## Required action:
Among the lines below, copy exactly those from the one with "淡いブルーグレーにペイントされたシンプルなデザインの1脚。" through the one with "Rara mappa geografica", counting both ends.

[[ Input material, beginning ]]

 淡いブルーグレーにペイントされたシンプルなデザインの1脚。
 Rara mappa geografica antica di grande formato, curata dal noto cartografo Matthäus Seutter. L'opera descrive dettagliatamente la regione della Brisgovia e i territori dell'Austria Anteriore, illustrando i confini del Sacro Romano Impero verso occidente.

[[ Input material, end ]]
[[ Input material, beginning ]]

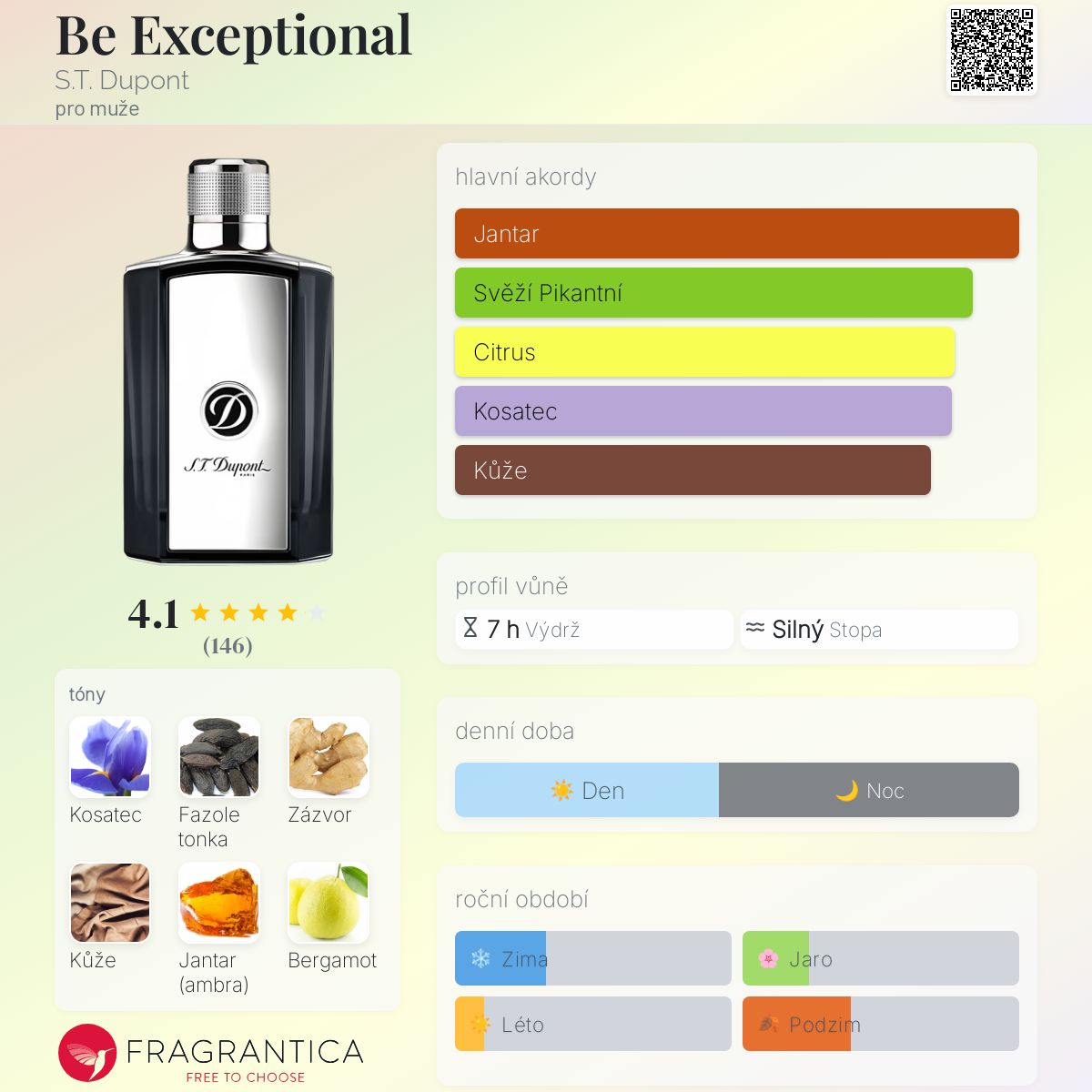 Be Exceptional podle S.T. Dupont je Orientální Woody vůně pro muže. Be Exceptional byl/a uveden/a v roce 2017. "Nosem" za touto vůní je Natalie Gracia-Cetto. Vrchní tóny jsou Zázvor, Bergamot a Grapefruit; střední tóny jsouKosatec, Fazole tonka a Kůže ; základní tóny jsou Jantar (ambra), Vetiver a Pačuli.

[[ Input material, end ]]

## Reply:
 淡いブルーグレーにペイントされたシンプルなデザインの1脚。
 Rara mappa geografica antica di grande formato, curata dal noto cartografo Matthäus Seutter. L'opera descrive dettagliatamente la regione della Brisgovia e i territori dell'Austria Anteriore, illustrando i confini del Sacro Romano Impero verso occidente.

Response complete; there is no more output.